Elon Musk’s satellite internet company Starlink announced on Tuesday that it is complying with the Brazilian Supreme Court’s decision to block access to the social media platform X in the country.
This came one day after the company informed the Brazilian regulatory authority that it did not intend to comply with the decision.
The Supreme Court under Judge Alexandre de Moraes had frozen Starlink’s accounts in order to be able to settle possible fines from X, which also belongs to Musk.
“Despite the illegal treatment and the blocking of our assets, we are complying with the order to block access to X in Brazil,” Starlink, which has over 200,000 customers in Latin America, wrote on X. On Monday, the Brazilian telecoms regulator Anatel had declared that Starlink would not comply with the order.
However, a representative of Anatel told Reuters on Tuesday that Starlink had backtracked and was now blocking access to X. The authority confirmed that the process had already begun.
X suspended in Brazil since last week
X has been blocked in Brazil since last week after Judge Moraes ordered all telecommunications providers to shut down the platform as X had no legal representative in the country. This decision was later confirmed by a panel of the Supreme Court.
Starlink announced in its post that it had taken legal action to challenge the “gross illegality” of the ruling that froze the company’s accounts. At the same time, it is still trying to exhaust all legal means, as the judge’s recent orders would violate the Brazilian constitution.

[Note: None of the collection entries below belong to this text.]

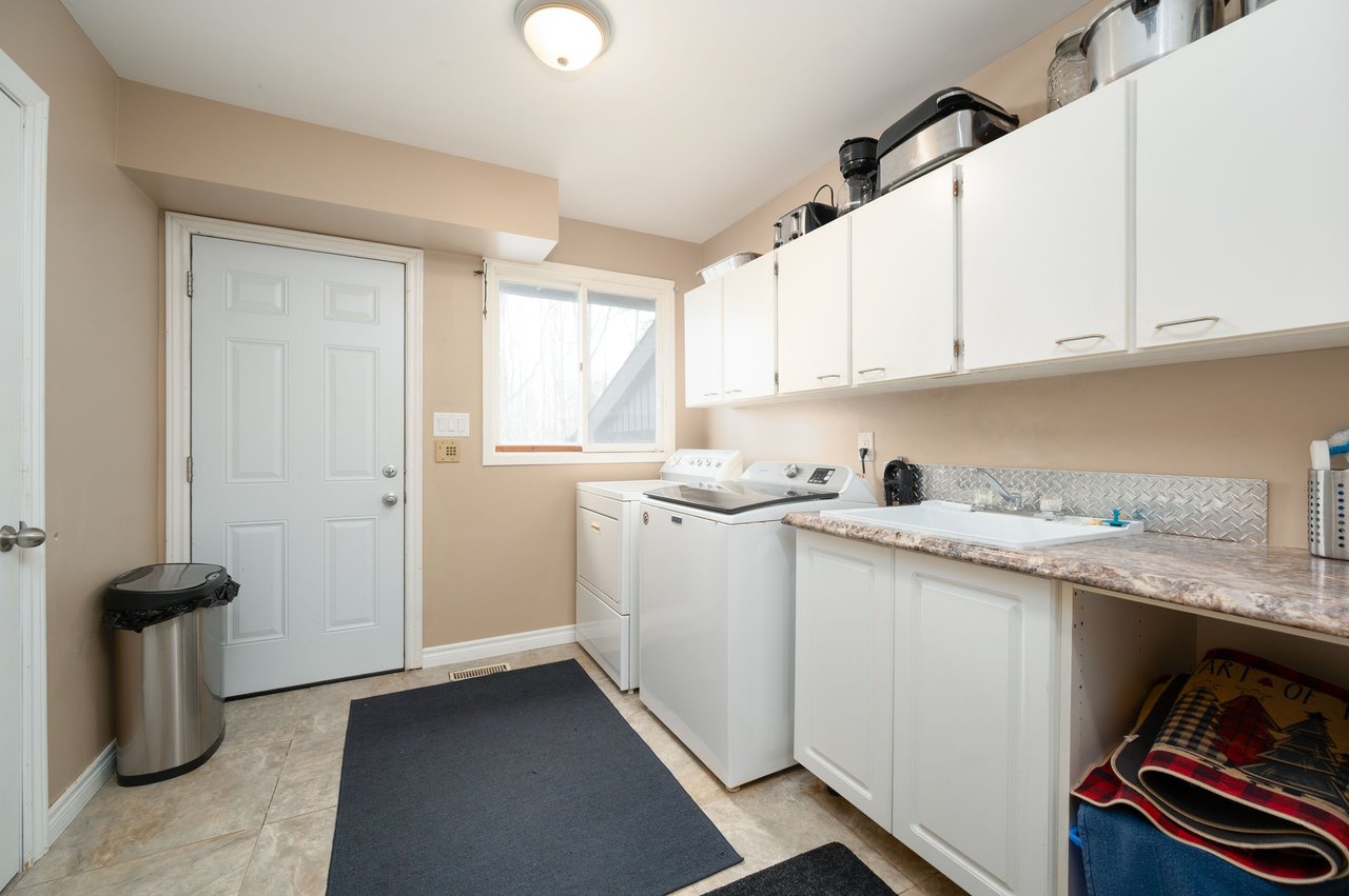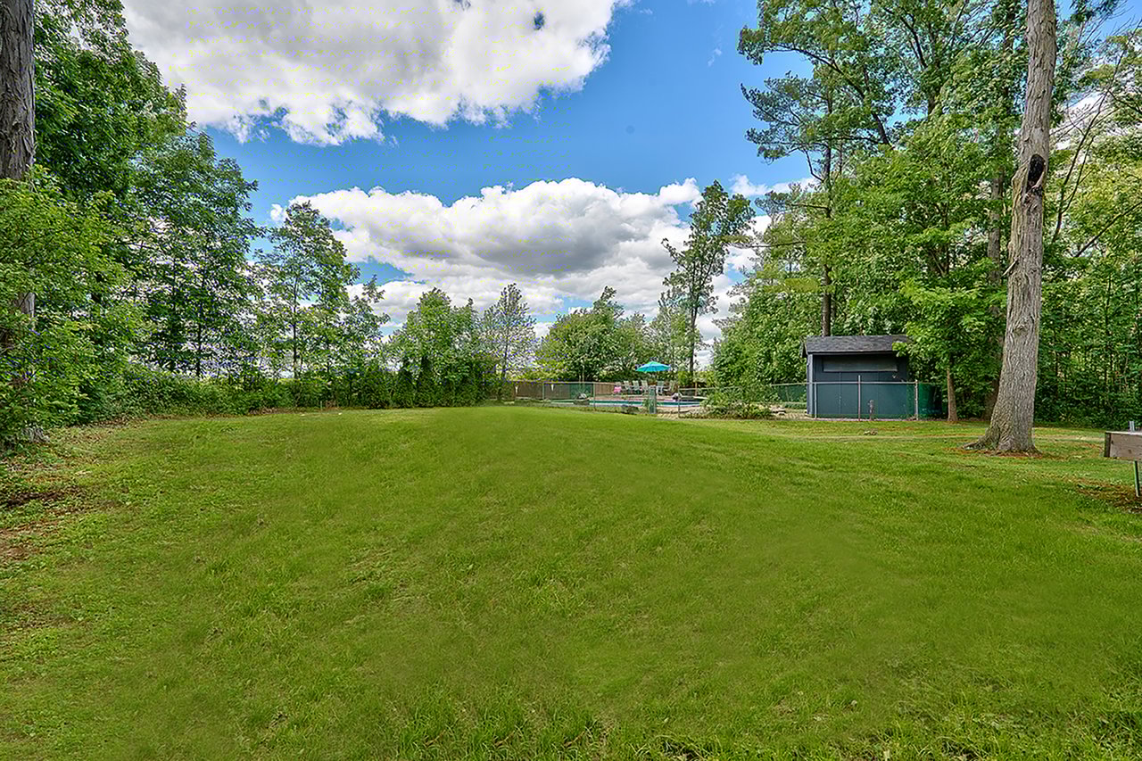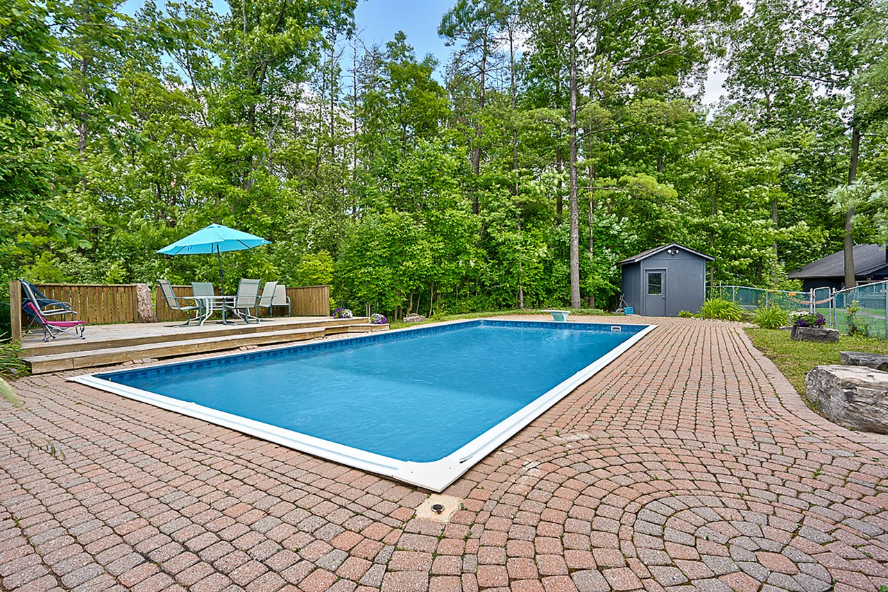 Outdoor living is a standout feature. An elevated wood deck overlooks an inground pool framed by interlock stone, with multiple areas for entertaining and unwinding. A pool shed with tiki bar, hammock space, and a six-person cedar barrel sauna create a resort-like atmosphere designed for year-round enjoyment.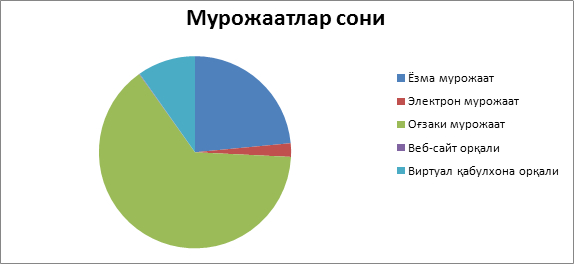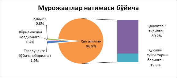 Мурожаатларни натижаси бўйича улушларга (фоиз кўринишида) бўлганда қуйидагича кўринади: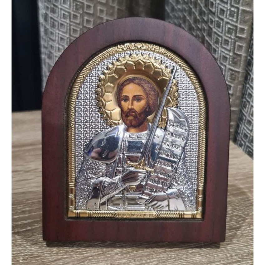 Оклад образу виготовлений із листа Miro-Silvero (італійського виробництва); нижня основа матеріалу - алюмінієвий віддзеркалюваний метал ALADO який зверху ламінований сріблом 999 проби тонким шаром. Срібло покрите захисним оксидним лаком, який зберігає матеріал від потемніння та зовнішніх подразників. Окремі частини ікони прикрашені сусальним золотом. Всі елементи сюжету ікони до найменших деталей та узорів чітко вирізьблені на окладі, які разом створюють гармонійну яскраву картину.Закріплений оклад в дерев'яній основі (кіоті) аркової форми, яка виготовлена із МДФ покритого шпоном дерева. Ззаду ікони є відкидна ніжна та отвір для кріплення на стіні.Колір дерева: коричневий (горіхова текстура).Лик ікони прописаний на полотні натуральними фарбами "Темпера" за допомогою метода шовкографії.Образ упакований в оригінальну картонну коробочку від виробника з логотипом компанії, яка має чудовий подарунковий вигляд.Ззаду на іконі є закріплений Сертифікат якості, який засвідчує оригінальність виробу.Виробник: Prince Silver Греція. ..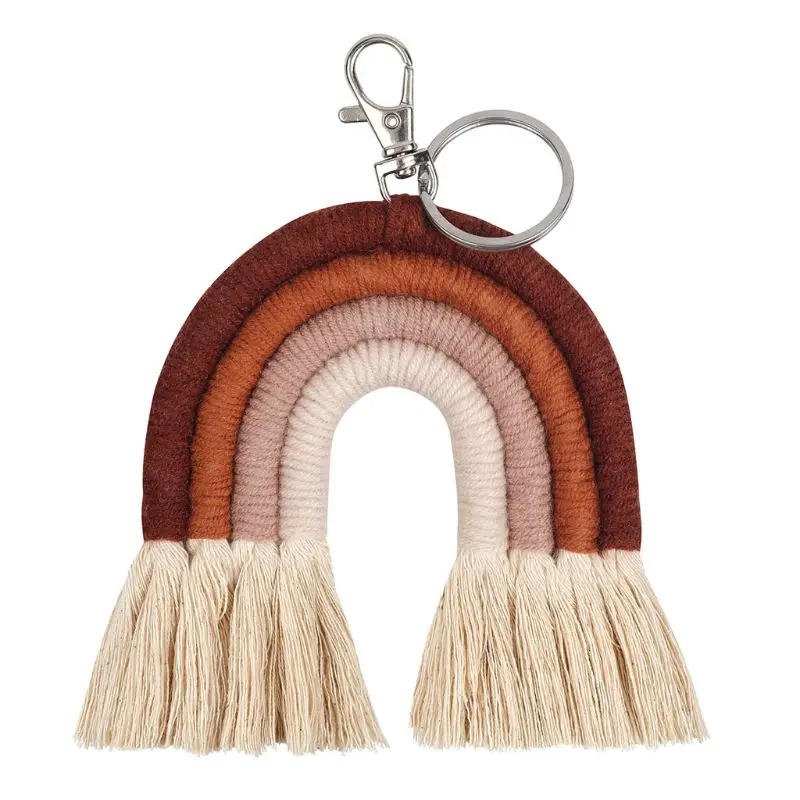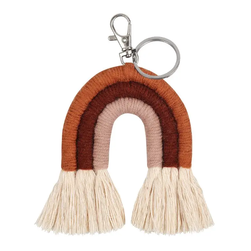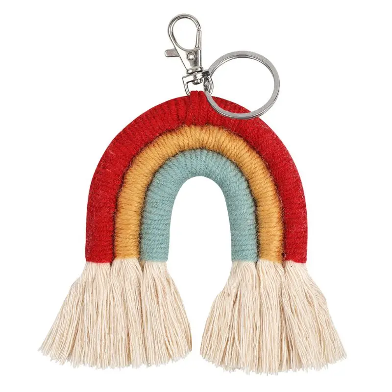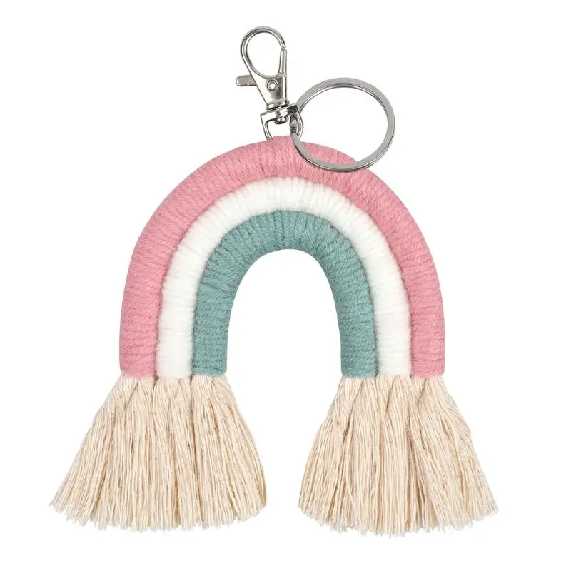Weaving Rainbow Keychains for Women Boho Handmade key Holder Keyring Macrame Bag Charm Car Hanging Jewelry Gifts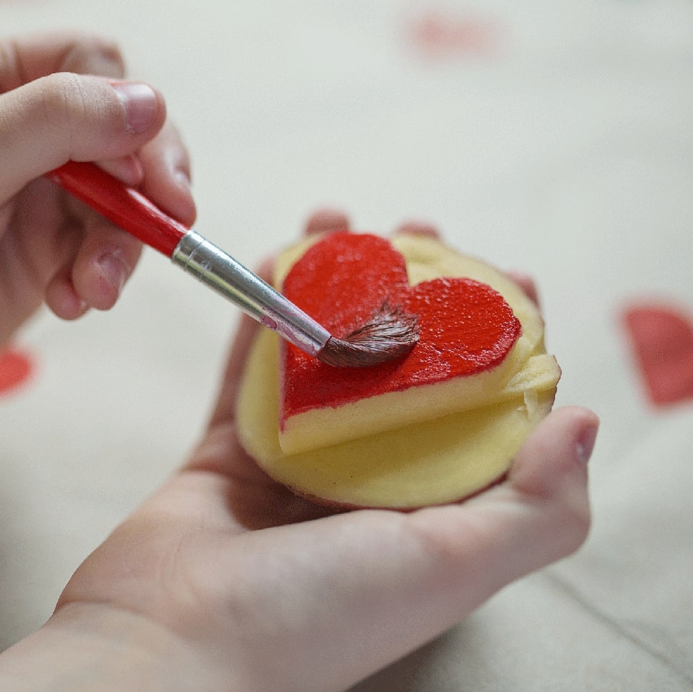 Este método es genial para personalizar tu camiseta con ayuda de los más pequeños. Corta por la mitad una patata, dibuja alguna forma sencilla como una estrella o un círculo sobre ella. Excava con un cúter dando forma a la figura que deberá tener un relieve de 4 centímetros. Mójala en tinta o pintura para camisetas y estampa sobre ellas.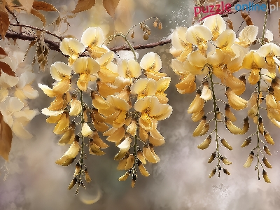 Gałązka, Żółte, Złotokap, Grafika AI, Kwiaty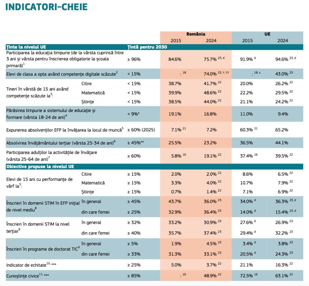 România se află pe ultimul loc în Uniunea Europeană la aproape toți indicatorii privind educația și formarea profesională. Datele au fost publicate de Comisia Europeană în Monitorul Educației și Formării 2025. Astfel, țara vecină are cea mai mare pondere a tinerilor care părăsesc timpuriu școala, 16,8 %, conform datelor din 2024.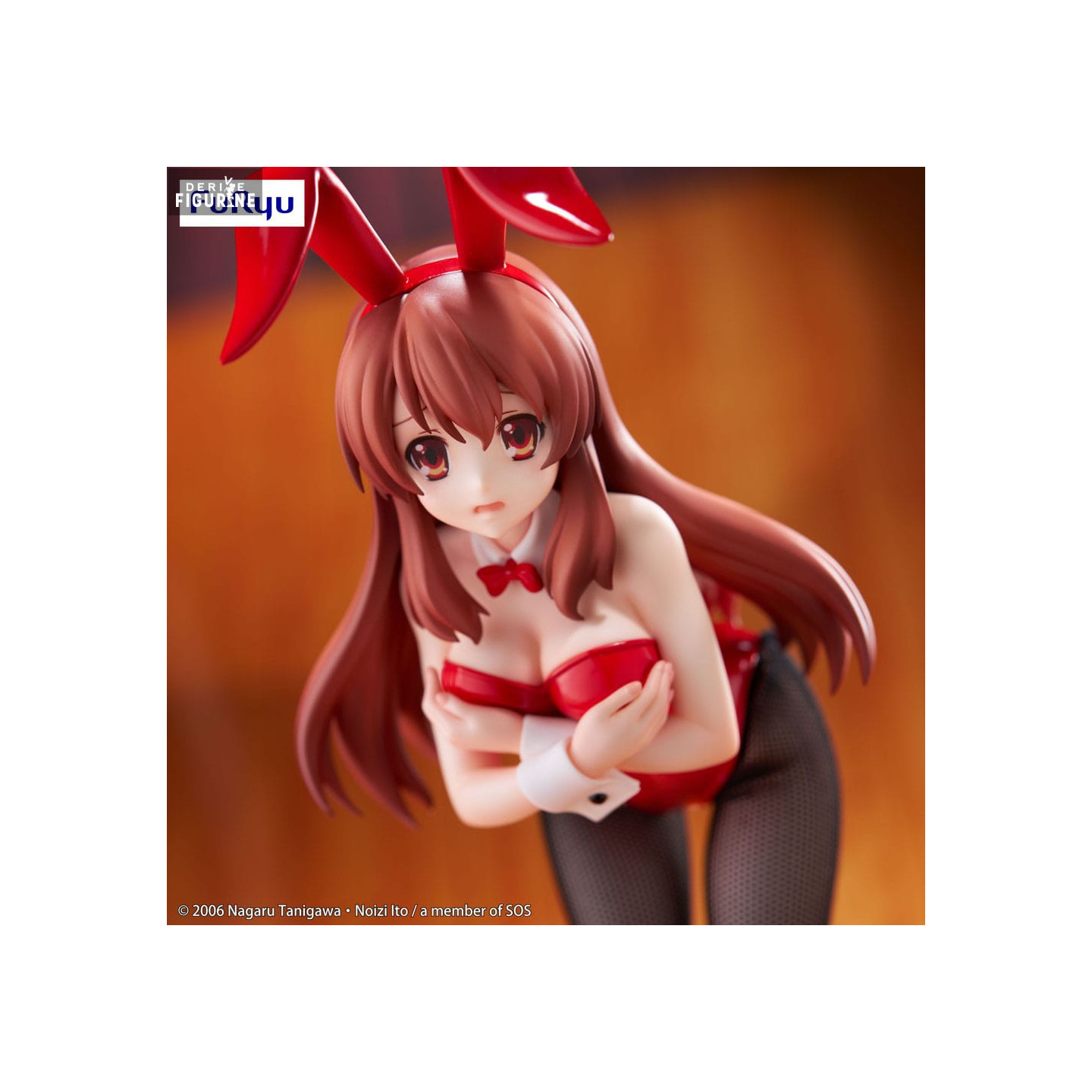 In this BiCute Bunnies collection version, Mikuru Asahina is depicted in an enchanting bunny girl outfit. Her posture reflects her natural shyness as she holds a vibrant red heart against her chest. The outfit, typical of bunny girls, includes fishnet stockings and accessories like red bunny ears and a bow tie. This figure perfectly captures Mikuru's delicate personality while adding a touch of elegance and charm.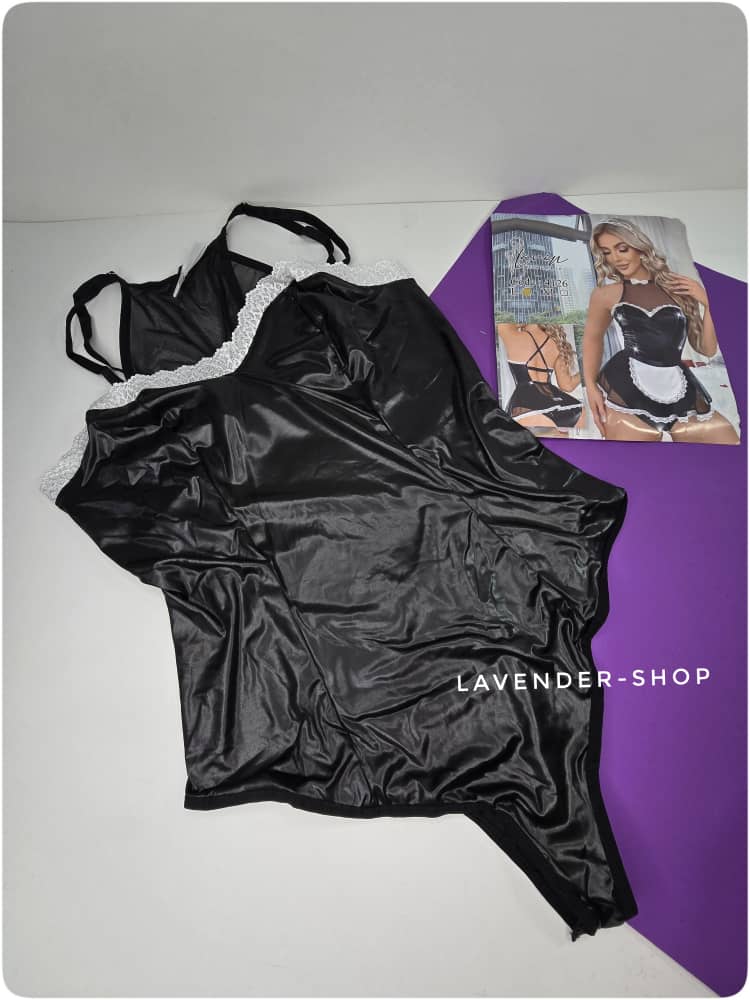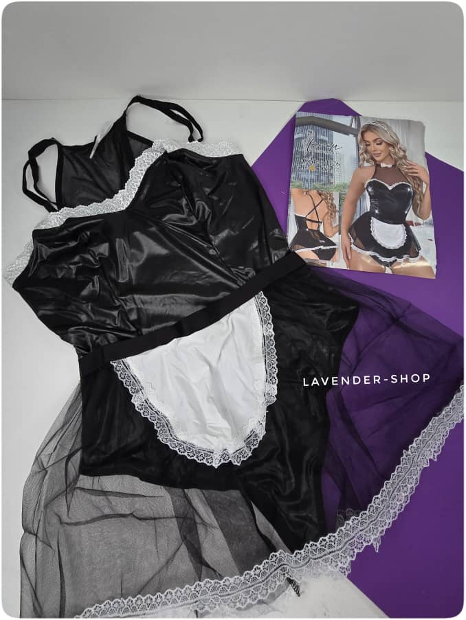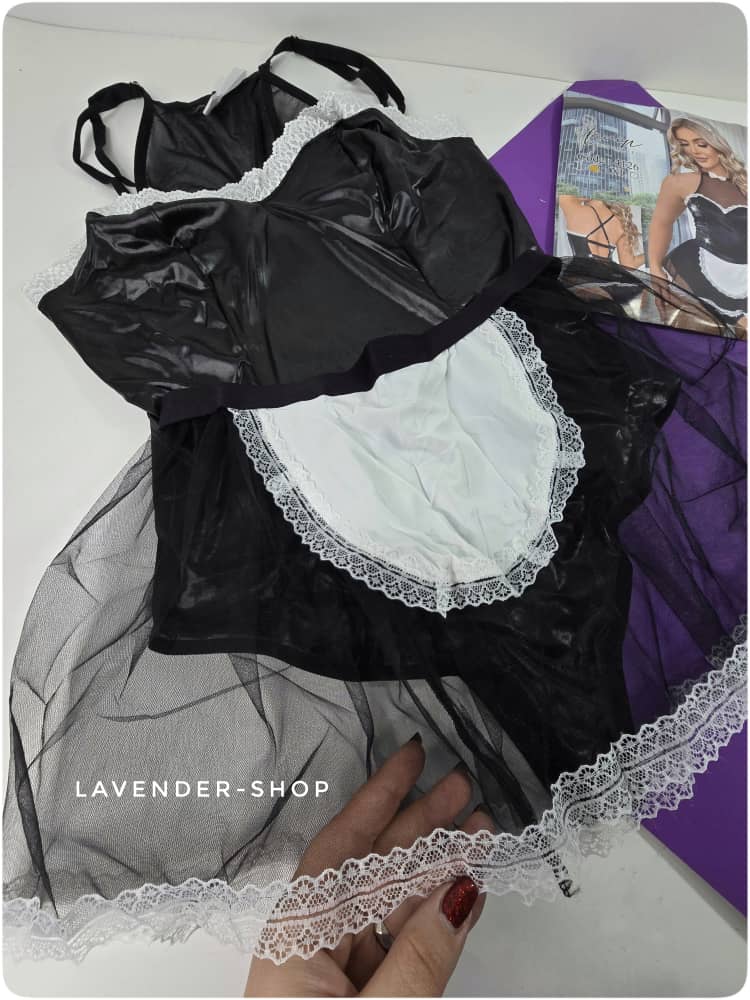 کاستوم خدمتکاری زنانه دو تکه لاتکس و تور

Starlink missed the deadline to lodge a new appeal against the account blocking, according to a court document from Tuesday. It is unclear what further legal steps the company will take.
Dispute over accusations of censorship
The conflict over X began earlier this year when Judge Moraes ordered certain accounts suspected of spreading fake news and hate messages to be blocked. Musk criticized this as censorship and closed X’s offices in Brazil in mid-August, but the platform remained accessible – until the most recent blocking by Moraes.
Some users in Brazil are currently still circumventing the block by using VPNs and other means.